*PROMPT:* Print the lines below from the line with "裏側はフリース素材であたたく、秋冬の冷えやすい下半身をしっかりとサポート。" to the line with "Malo naprej od" exactly, keeping both ends, and print no pictures.

*DATA SECTION:*
======
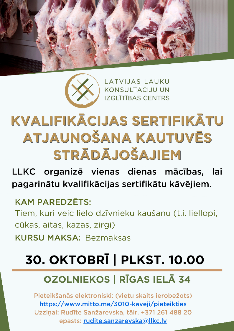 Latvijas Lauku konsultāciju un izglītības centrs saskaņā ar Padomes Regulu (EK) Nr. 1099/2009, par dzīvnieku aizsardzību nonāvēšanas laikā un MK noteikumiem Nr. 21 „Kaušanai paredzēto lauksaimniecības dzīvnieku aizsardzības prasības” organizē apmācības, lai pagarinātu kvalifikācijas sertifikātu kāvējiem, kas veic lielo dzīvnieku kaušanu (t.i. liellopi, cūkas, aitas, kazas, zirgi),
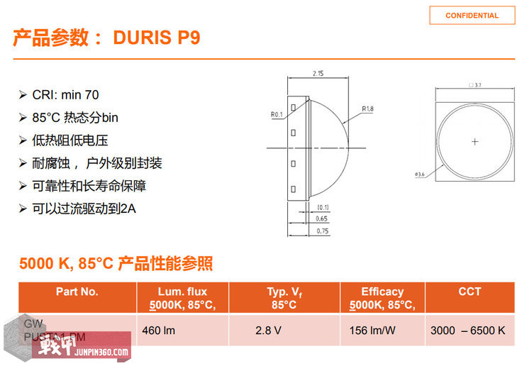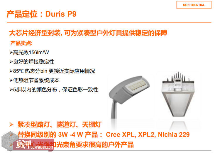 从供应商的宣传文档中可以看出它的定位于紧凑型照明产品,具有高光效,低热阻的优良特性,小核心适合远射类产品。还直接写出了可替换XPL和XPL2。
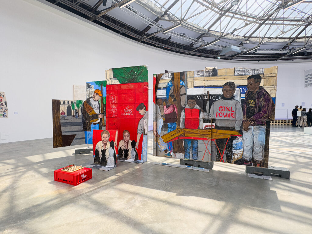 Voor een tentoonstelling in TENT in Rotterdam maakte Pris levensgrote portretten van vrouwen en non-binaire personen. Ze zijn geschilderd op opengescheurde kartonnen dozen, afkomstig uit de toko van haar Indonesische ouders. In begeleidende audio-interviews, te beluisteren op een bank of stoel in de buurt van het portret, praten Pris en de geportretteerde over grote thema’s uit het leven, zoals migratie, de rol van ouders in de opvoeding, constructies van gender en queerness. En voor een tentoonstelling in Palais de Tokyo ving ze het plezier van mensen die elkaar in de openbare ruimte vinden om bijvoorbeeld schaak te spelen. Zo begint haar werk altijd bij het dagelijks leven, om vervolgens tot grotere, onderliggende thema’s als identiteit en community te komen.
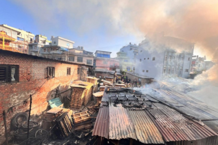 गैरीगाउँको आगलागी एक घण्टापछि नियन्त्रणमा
======
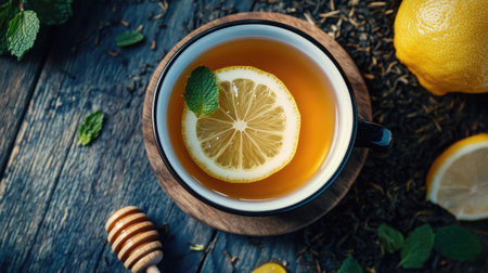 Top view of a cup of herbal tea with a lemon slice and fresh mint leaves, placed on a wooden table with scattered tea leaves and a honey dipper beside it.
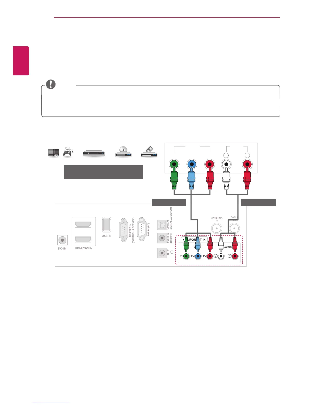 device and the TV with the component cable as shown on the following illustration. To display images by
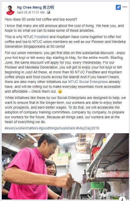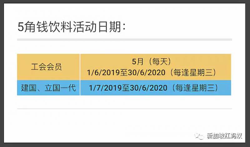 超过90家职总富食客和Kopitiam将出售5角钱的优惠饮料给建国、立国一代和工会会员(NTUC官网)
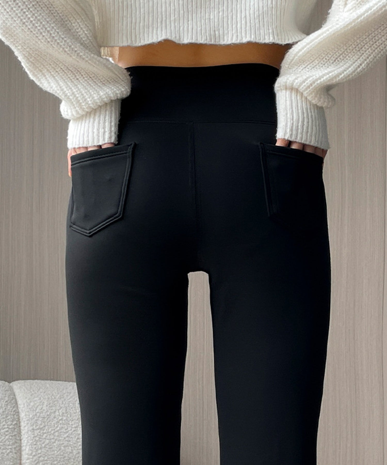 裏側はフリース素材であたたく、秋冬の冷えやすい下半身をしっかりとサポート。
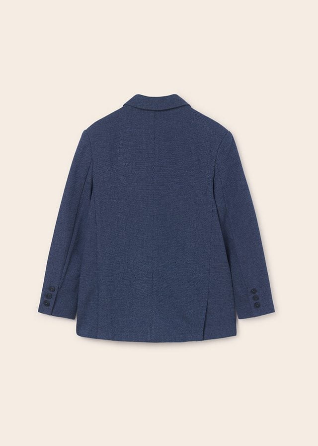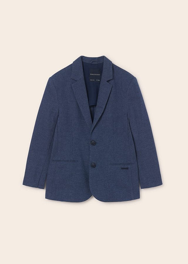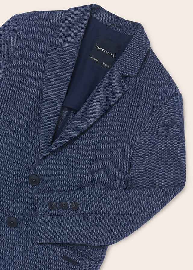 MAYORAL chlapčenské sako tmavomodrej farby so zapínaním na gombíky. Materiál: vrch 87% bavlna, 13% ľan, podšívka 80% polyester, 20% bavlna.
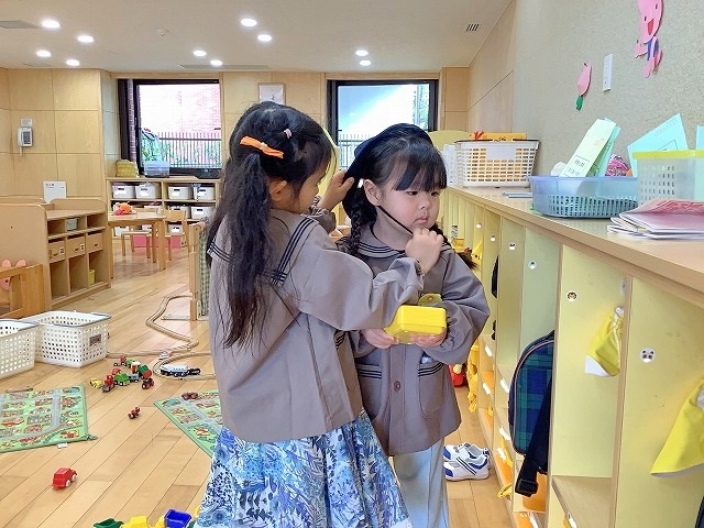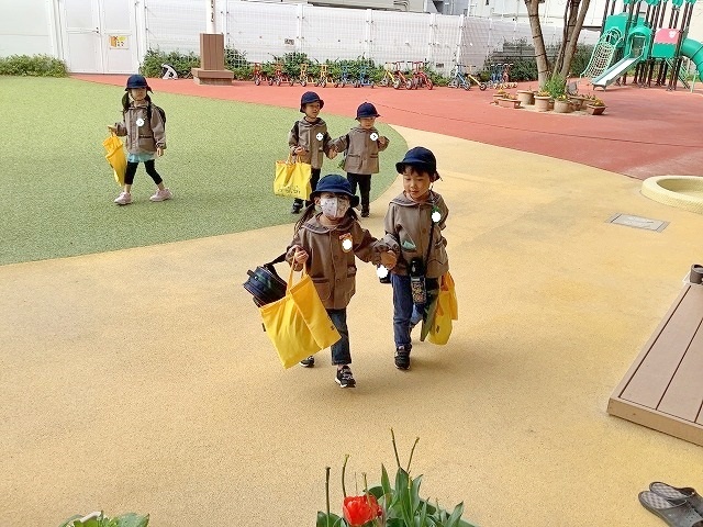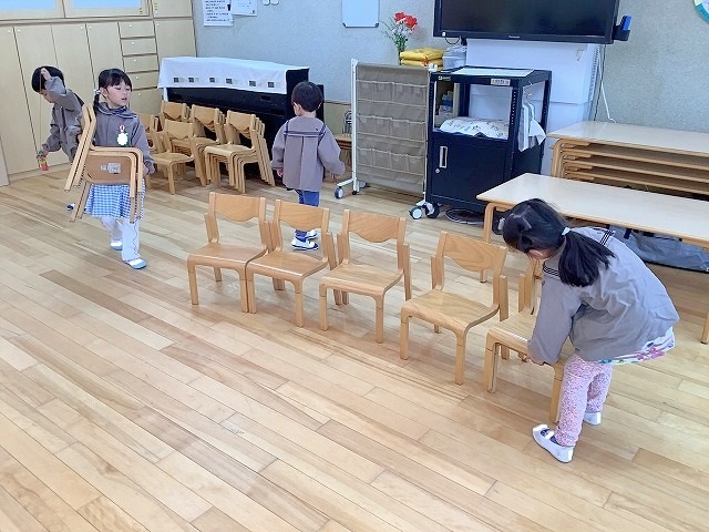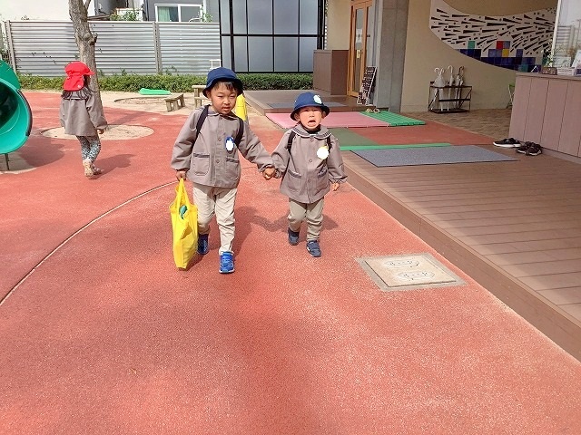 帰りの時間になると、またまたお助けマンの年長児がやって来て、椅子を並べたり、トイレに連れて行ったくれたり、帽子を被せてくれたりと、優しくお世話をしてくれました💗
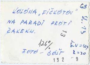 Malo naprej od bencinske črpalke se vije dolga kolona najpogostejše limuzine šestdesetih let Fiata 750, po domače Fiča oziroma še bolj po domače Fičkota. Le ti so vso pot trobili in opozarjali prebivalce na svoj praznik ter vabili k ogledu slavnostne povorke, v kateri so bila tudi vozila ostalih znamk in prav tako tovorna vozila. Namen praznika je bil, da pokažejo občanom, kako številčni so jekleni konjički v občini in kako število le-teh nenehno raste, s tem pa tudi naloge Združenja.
======
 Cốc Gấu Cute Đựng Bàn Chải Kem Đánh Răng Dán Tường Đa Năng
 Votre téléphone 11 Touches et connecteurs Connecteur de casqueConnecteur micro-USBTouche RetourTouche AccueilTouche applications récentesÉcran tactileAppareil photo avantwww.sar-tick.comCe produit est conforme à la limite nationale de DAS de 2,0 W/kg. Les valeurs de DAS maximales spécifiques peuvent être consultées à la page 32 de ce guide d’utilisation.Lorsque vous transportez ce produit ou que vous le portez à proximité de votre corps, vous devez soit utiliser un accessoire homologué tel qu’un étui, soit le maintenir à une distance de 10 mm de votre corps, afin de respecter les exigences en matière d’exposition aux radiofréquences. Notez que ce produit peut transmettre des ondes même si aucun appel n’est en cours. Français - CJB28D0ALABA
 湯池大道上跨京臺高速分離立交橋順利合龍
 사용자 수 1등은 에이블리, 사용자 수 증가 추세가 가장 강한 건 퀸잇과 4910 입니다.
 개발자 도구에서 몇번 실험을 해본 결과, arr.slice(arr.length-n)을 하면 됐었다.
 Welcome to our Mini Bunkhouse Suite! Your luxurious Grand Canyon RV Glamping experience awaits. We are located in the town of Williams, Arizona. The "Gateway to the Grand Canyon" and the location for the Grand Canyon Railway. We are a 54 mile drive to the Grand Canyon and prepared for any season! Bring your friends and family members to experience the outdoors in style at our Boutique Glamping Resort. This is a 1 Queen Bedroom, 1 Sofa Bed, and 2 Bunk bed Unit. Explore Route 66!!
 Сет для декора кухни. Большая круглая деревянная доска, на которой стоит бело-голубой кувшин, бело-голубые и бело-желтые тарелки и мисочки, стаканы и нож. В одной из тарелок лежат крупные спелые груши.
======
*ANSWER SECTION:*
 裏側はフリース素材であたたく、秋冬の冷えやすい下半身をしっかりとサポート。
 MAYORAL chlapčenské sako tmavomodrej farby so zapínaním na gombíky. Materiál: vrch 87% bavlna, 13% ľan, podšívka 80% polyester, 20% bavlna.
 帰りの時間になると、またまたお助けマンの年長児がやって来て、椅子を並べたり、トイレに連れて行ったくれたり、帽子を被せてくれたりと、優しくお世話をしてくれました💗
 Malo naprej od bencinske črpalke se vije dolga kolona najpogostejše limuzine šestdesetih let Fiata 750, po domače Fiča oziroma še bolj po domače Fičkota. Le ti so vso pot trobili in opozarjali prebivalce na svoj praznik ter vabili k ogledu slavnostne povorke, v kateri so bila tudi vozila ostalih znamk in prav tako tovorna vozila. Namen praznika je bil, da pokažejo občanom, kako številčni so jekleni konjički v občini in kako število le-teh nenehno raste, s tem pa tudi naloge Združenja.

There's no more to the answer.